▸ **RECORDS SUPPLIED**:
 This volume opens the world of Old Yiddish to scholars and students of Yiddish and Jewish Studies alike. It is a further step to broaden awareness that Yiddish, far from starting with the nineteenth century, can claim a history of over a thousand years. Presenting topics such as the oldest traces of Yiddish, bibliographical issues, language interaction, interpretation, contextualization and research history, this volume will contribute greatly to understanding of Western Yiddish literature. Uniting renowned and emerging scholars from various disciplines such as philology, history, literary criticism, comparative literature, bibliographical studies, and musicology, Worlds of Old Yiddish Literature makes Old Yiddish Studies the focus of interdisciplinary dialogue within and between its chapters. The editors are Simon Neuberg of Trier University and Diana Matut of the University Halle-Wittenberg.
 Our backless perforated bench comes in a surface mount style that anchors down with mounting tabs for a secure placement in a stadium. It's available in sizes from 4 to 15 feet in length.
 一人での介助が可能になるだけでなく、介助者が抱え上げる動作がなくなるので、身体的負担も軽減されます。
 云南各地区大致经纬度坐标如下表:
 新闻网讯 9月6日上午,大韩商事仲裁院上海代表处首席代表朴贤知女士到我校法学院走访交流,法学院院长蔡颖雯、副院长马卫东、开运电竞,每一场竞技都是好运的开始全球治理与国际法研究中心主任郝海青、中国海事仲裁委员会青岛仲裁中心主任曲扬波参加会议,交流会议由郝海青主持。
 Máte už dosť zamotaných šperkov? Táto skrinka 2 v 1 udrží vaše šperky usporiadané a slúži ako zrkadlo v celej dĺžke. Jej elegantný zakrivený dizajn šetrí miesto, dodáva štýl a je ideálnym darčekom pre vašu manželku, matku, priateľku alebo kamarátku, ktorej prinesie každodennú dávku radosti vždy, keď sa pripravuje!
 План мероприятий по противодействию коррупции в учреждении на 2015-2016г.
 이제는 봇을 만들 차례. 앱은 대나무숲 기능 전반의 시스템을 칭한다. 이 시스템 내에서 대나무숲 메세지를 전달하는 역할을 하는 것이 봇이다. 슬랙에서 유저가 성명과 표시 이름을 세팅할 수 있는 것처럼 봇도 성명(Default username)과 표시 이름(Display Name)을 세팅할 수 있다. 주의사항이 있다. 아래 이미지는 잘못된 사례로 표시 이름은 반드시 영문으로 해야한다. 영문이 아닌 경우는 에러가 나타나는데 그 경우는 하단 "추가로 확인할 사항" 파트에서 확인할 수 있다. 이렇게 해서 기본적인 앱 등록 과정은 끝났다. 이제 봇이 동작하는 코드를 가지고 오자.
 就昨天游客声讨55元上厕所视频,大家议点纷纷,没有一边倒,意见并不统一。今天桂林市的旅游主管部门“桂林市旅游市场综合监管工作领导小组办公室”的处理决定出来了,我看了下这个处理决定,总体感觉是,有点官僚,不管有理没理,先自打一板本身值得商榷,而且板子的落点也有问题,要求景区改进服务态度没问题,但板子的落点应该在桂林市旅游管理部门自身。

▸ **EXERCISE DESCRIPTION**:
Above are the lines; repeat exactly the ones from the line containing "Our backless perforated" down to the line containing "新闻网讯 9月6日上午,大韩", both inclusive.

▸ **ANSWER**:
 Our backless perforated bench comes in a surface mount style that anchors down with mounting tabs for a secure placement in a stadium. It's available in sizes from 4 to 15 feet in length.
 一人での介助が可能になるだけでなく、介助者が抱え上げる動作がなくなるので、身体的負担も軽減されます。
 云南各地区大致经纬度坐标如下表:
 新闻网讯 9月6日上午,大韩商事仲裁院上海代表处首席代表朴贤知女士到我校法学院走访交流,法学院院长蔡颖雯、副院长马卫东、开运电竞,每一场竞技都是好运的开始全球治理与国际法研究中心主任郝海青、中国海事仲裁委员会青岛仲裁中心主任曲扬波参加会议,交流会议由郝海青主持。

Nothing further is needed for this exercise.